4 Rule-Based Approach
At first, I chose rule-based approach to lemma prediction over machine learning due to the scarcity of available data.
Morphophonological complexity of Early Irish compounded by the many non-transparent orthographic features makes traditional rule-based approach to lemmatisation with hard-coded lists of possible pseudo-suffixes and rules of their treatment less suitable for Early Irish than for other languages. A more reliable way for a start is building a full form lexicon where every word form corresponds to a lemma. I used the DIL described in the previous section for this purpose.
There was a series of experiments conducted on Early Irish prose texts that resulted into the following architecture of the rule-based lemmatiser. Every word in a text fed to the system is first demutated (i.e. the changes at the beginning of the word are eliminated) and then looked up in the dictionary. The lemmatiser returns a lemma for each known word and a demutated form for each unknown word by default; there is also an option to predict lemmas for unknown words with the help of Damerau-Levenshtein edit distance. For every unknown word, the program generates all possible strings on edit distance 1 and 2, checks them up in the dictionary and adds those that prove to be real words to the candidate list. Then the candidates are filtered by the first character: if the unknown word starts with a vowel, the candidate should also start with a vowel, and if the unknown word starts with a consonant, the candidate should start with the same consonant. Those parameters were chosen empirically as they yield the best results, i.e. the highest percentage of correctly predicted lemmas. Finally, the lemma of the candidate that has the highest probability is taken as a lemma for the unknown word.
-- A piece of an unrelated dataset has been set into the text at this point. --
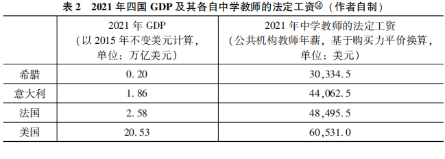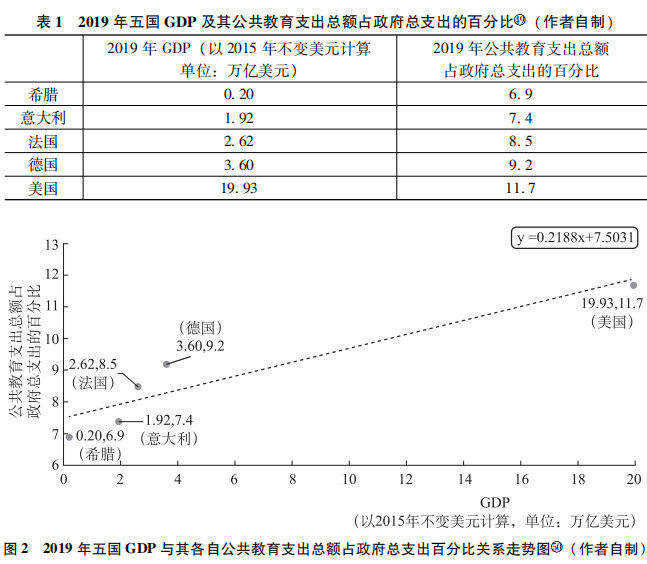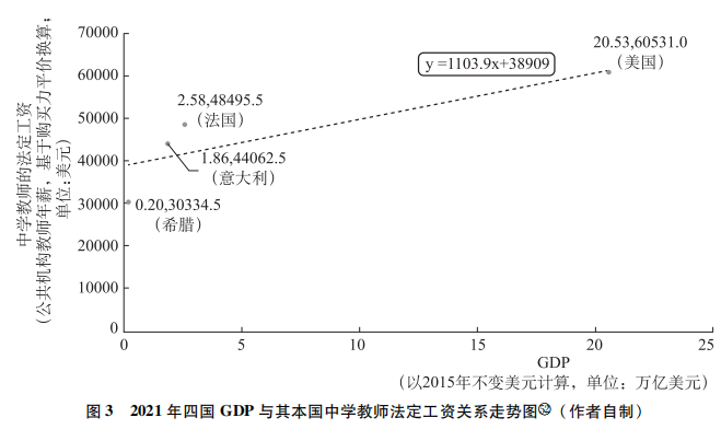 通過橫向代內(nèi)比較,同一時(shí)期不同國(guó)家的經(jīng)濟(jì)發(fā)展程度也深刻地影響了該國(guó)的人權(quán)保護(hù)水平。以受教育權(quán)為例,通過隨機(jī)抽取希臘、意大利、法國(guó)、德國(guó)、美國(guó)五國(guó)作為樣本觀測(cè)對(duì)象進(jìn)行回歸分析可以發(fā)現(xiàn),不同國(guó)家對(duì)教育系統(tǒng)的投入(如財(cái)政資金撥款、教師法定工資的平均標(biāo)準(zhǔn)等)存在巨大差異,且與各國(guó)的經(jīng)濟(jì)發(fā)展水平(以GDP指數(shù)為參考)呈顯著正相關(guān)(k>0)。具體參數(shù)及回歸方程如表1、表2,圖2、圖3所示。

In this work, I did not focus on word sense disambiguation, which means that if two or more different lemmas have identical forms, we cannot say for sure which lemma should be chosen for a particular instance of a homonymous form. The system provides two options for such cases: either return a list of all possible lemmas or choose the lemma with the highest probability. I should point out, that probability here is not a probability in a strict mathematical sense. Word form probability is formulated as a frequency count computed for each word in the test corpus, and lemma probability is the the sum of probabilities of forms belonging to a lemma.
Rule based lemmatiser was evaluated using accuracy score, which is a common metric for this task, on a set of manually annotated sentences, randomly chosen from Early Irish texts given in Table 3, which belong to different periods. The test set consists of 50 sentences, 840 tokens in total. It is worth mentioning, that the lemmatiser’s lexicon contains mostly Old Irish forms with a small amount of Middle Irish ones and barely any Early Modern Irish ones. While Old Irish data helps to check how the system copes with unknown words’ grammar, Middle and Early Modern Irish data is supposed to show its achievements with spelling variation. One also has to bear in mind, that the lemmatisers’s performance is affected by form homonymy, which, given the absence of disambiguation, worsens the results.
The system’s performance is given in tables below; Table 4 compares the rule-based lemmatiser results with the baseline, defined as demutating a form, and Table 5 gives more detailed information.
The system outperforms the baseline algorithm only by 8.2%, and these results are undoubtedly poor and not promising enough to continue the development of a rule-based system.
5 Neural Network Approach
The main problem Early Irish poses to machine learning methods is that its morphological complexity implies too many possible lemma classes, which, in addition to that, cannot always be reduced to a combination of a stem type and a suffix. Therefore some statistical models popular in sequence tagging that involves multi-class classification, such as HMM, MaxEnt, MEMM, SVM or CRF, are quite useless for this task. The best solution here seems to be turning from statistical machine learning to deep learning and using a sequence-to-sequence model, which allows going down to the character level. Basically, a sequence-to-sequence model is an ensemble of recurrent neural networks, or RNNs, that takes a sequence of a dynamic length as input and produces another sequence of a dynamic length. Sequence-to-sequence networks are used for a wide variety of tasks, such as grapheme-to-phoneme encoding [49], OCR post-processing, spelling correction, lemmatisation [41], machine translation [2, 7] and even dialogue systems development [48]. Thus, if we reformulate the lemmatisation task as taking a sequence of characters (form) as input and generating another sequence of characters (lemma), we can forget about tens of verbal and nominal inflection classes, let alone spelling variation.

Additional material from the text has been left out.